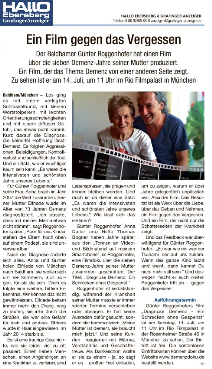 Der Baldhamer Günter Roggenhofer hat einen Film über die sieben Demenz-Jahre seiner Mutter produziert. Ein Film, der das Thema Demenz von einer anderen Seite zeigt. Zu sehen ist er am 14. Juli, um 1...
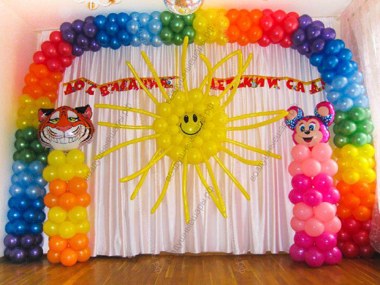 Солнце и радуга из шаров на выпускной в детском саду. характеристики:
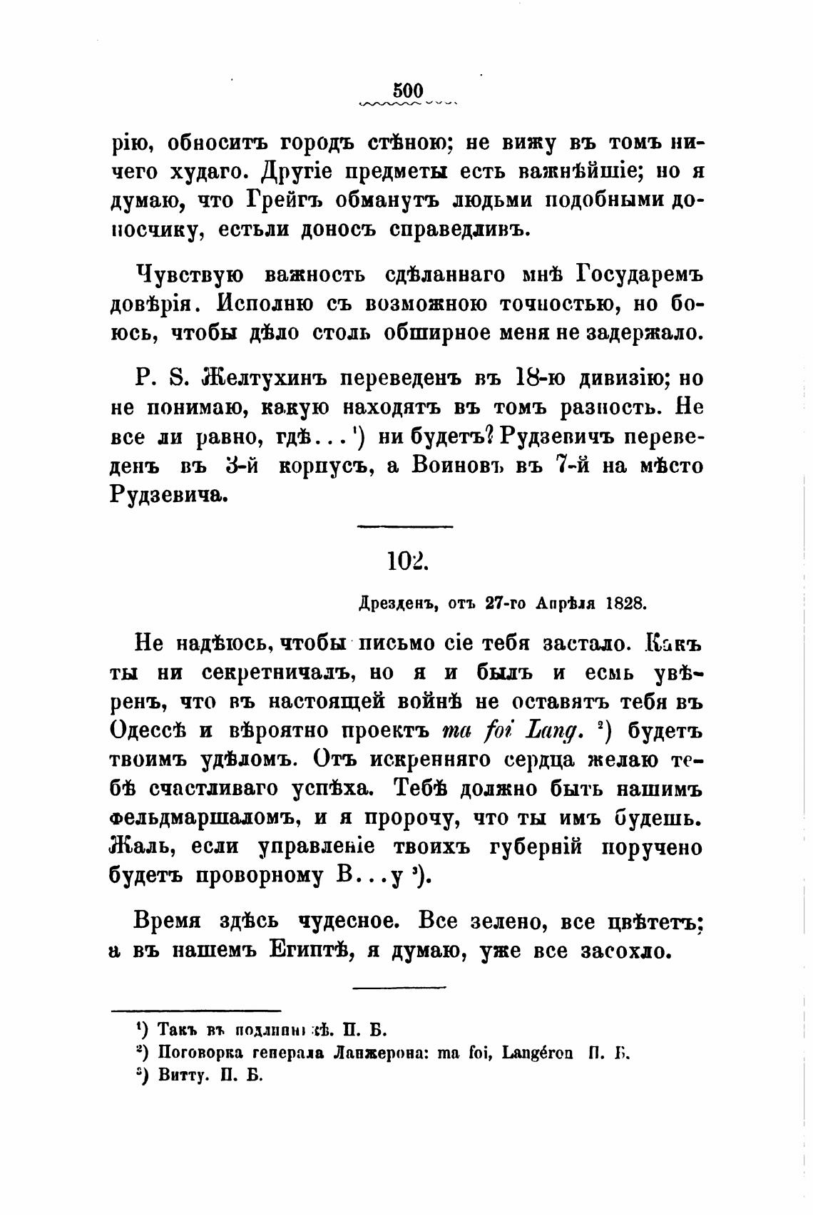 2) Поговорка генерала Ланжерона: та foi, Lang6ron П. Б.
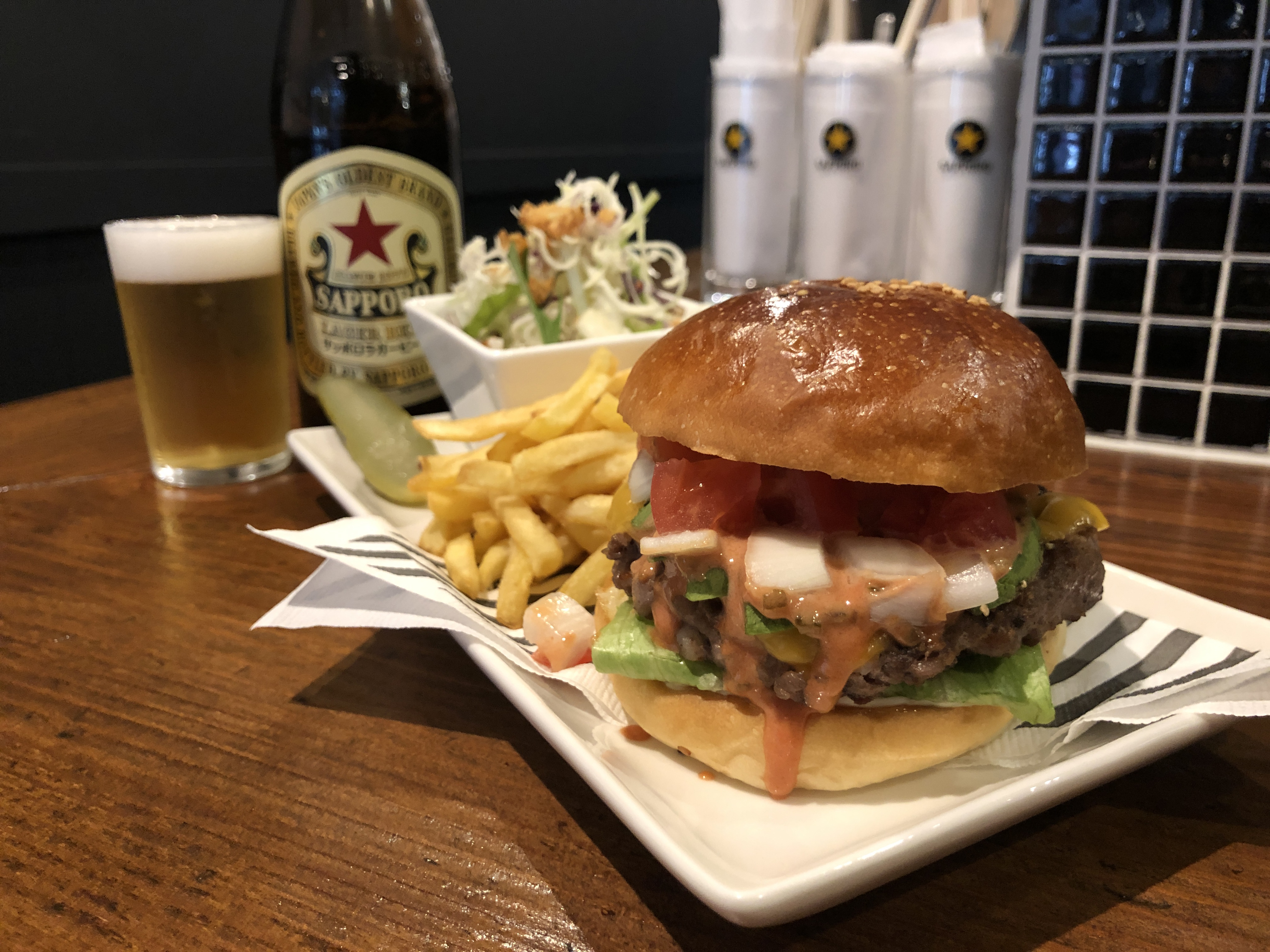 カウンターメインで店内13席(外に立ち飲みブースあり)の小さな酒場です。上記タイトルにもありますように本格グルメバーガーと大衆酒場にありそうな安心する多様なお酒と肴がウリの二刀流ハイブリッドスタイルのバーガー酒場で、営業時間内は通しでバーガーも一品もお酒も変わらず提供しておりますので、テイクアウトはもちろん、ランチ客から昼飲み客、アイドルタイムのカフェ客や一人飲み客、夜の宴会からバーガー〆まで多種多様なお客様にご利用いただいております。

━━━━

**Instructions to follow:**
What is needed is the exact run of lines from the start of the data through the line with "2) Поговорка генерала", both ends included, minus the pictures.

**Task solution:**
 Der Baldhamer Günter Roggenhofer hat einen Film über die sieben Demenz-Jahre seiner Mutter produziert. Ein Film, der das Thema Demenz von einer anderen Seite zeigt. Zu sehen ist er am 14. Juli, um 1...
 Солнце и радуга из шаров на выпускной в детском саду. характеристики:
 2) Поговорка генерала Ланжерона: та foi, Lang6ron П. Б.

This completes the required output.